PRESS ENTER TO SEARCH
January 2024

Broccoli Turkey Sausage Quiche Muffins

serves 4

INGREDIENTS

For the sausage
1/4 lb ground turkey  
1 clove garlic, minced
1/4 teaspoon ground sage
1/4 teaspoon dried thyme leaves
1/4 teaspoon cruhsed red pepper flakes
1/2 teaspoon fine sea salt
1/2 teaspoon freshly ground black pepper
1 tablespoon olive oil

For the muffins
1 cup chopped cooked broccoli florets
1/2 cup dairy-free cheddar cheese shreds
5 large eggs
1/2 cup nut milk or gluten-free oat milk
1/2 teaspoon fine sea salt
1/2 teaspoon freshly ground black pepper

DIRECTIONS

Preheat the oven 350 degrees. In a large bowl, mix the turkey, garlic, sage, thyme, crushed red pepper, salt, and black pepper using clean hands. In a nonstick skillet, heat the olive oil over medium-high heat. Add the turkey mixture and cook until the meat is no longer pink, breaking up the sausage into small pieces. Remove from the heat and set aside. For the muffins, line eight cups of standard twelve-cup muffin tin with foil cupcake liners, and lightly coat each liner with nonstick cooking spray.
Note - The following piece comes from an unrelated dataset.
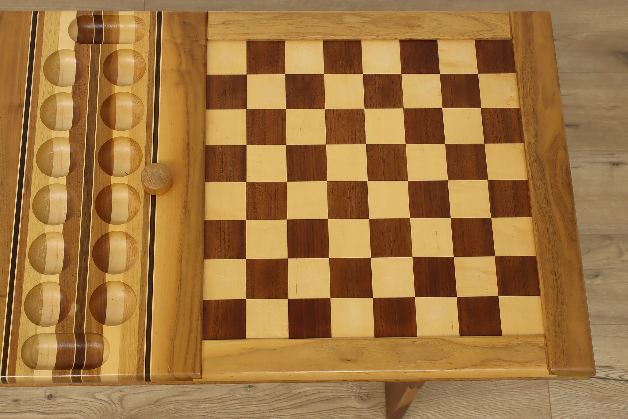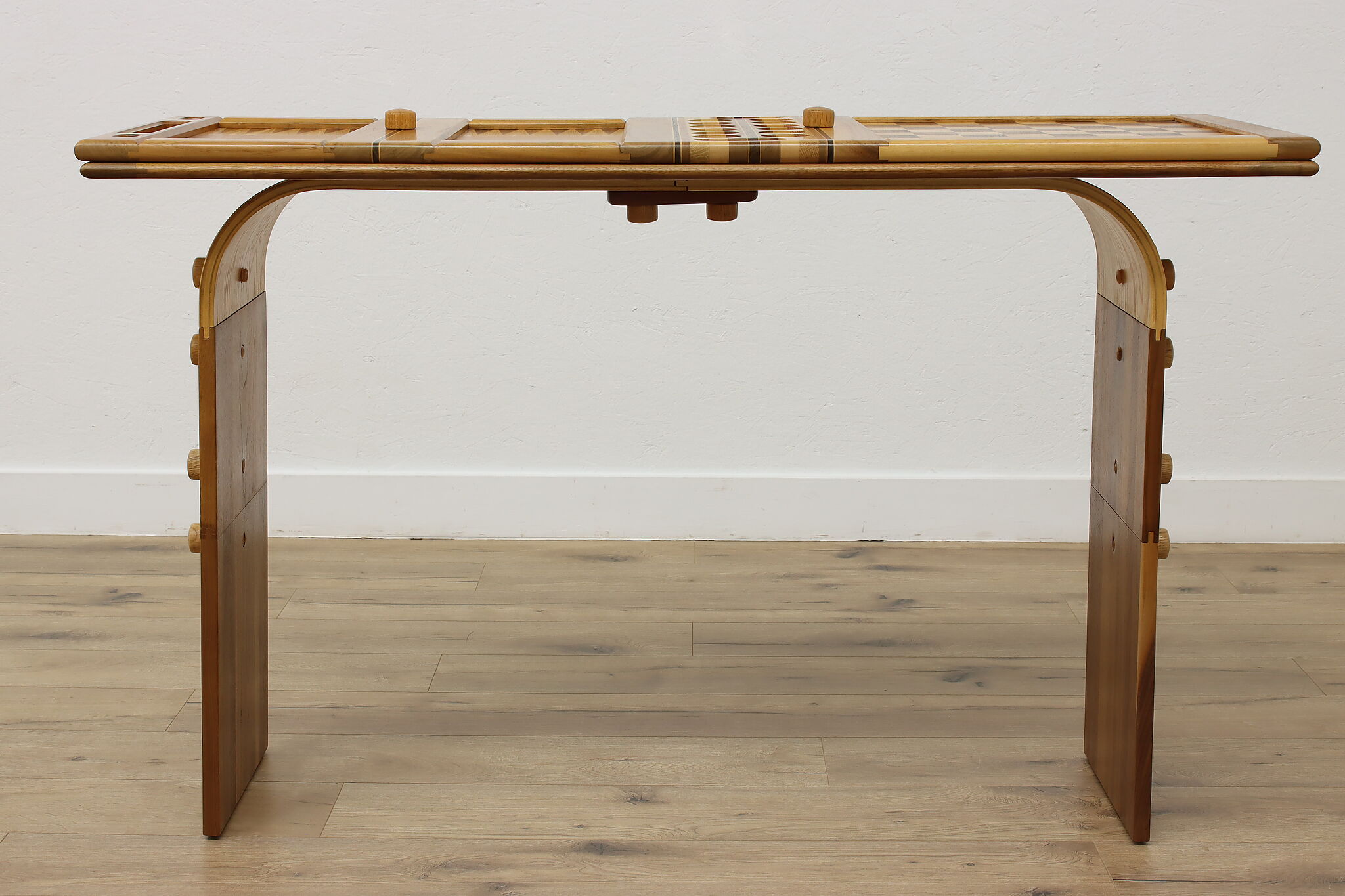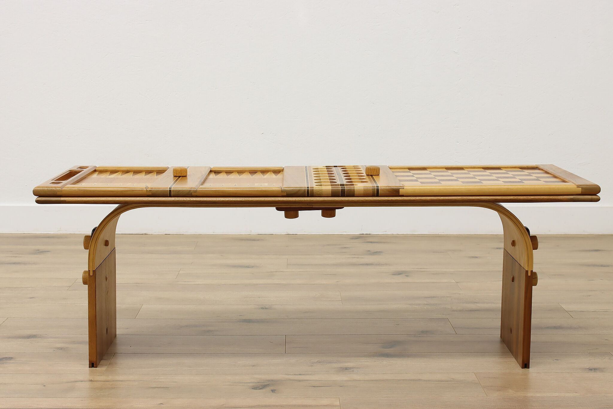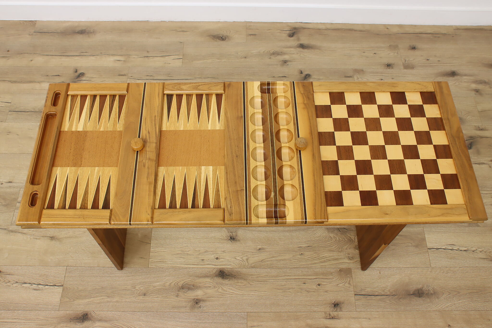 This gorgeously handcrafted coffee table flips to a game table with boards for chess, checkers, backgammon, and mancala, and can be raised for playing at table height.

Divide the cooked sausage, broccoli, and cheese shreds evenly among the prepared cups. In a large glass measuring cup, whisk together the eggs, milk, and salt and pepper. Carefully pour some of the egg mixture into each cup. Bake the quiche muffins until puffed and set in the middle, about thirty minutes. Cool slightly before serving. Bake the quiche muffins until puffed and set in the middle, about thirty minutes. Cool slightly before serving. Tip: Muffins may be cooled and frozen for up to one month. To reheat, remove the foil liner and microwave and high power for one to two minutes or until heated through.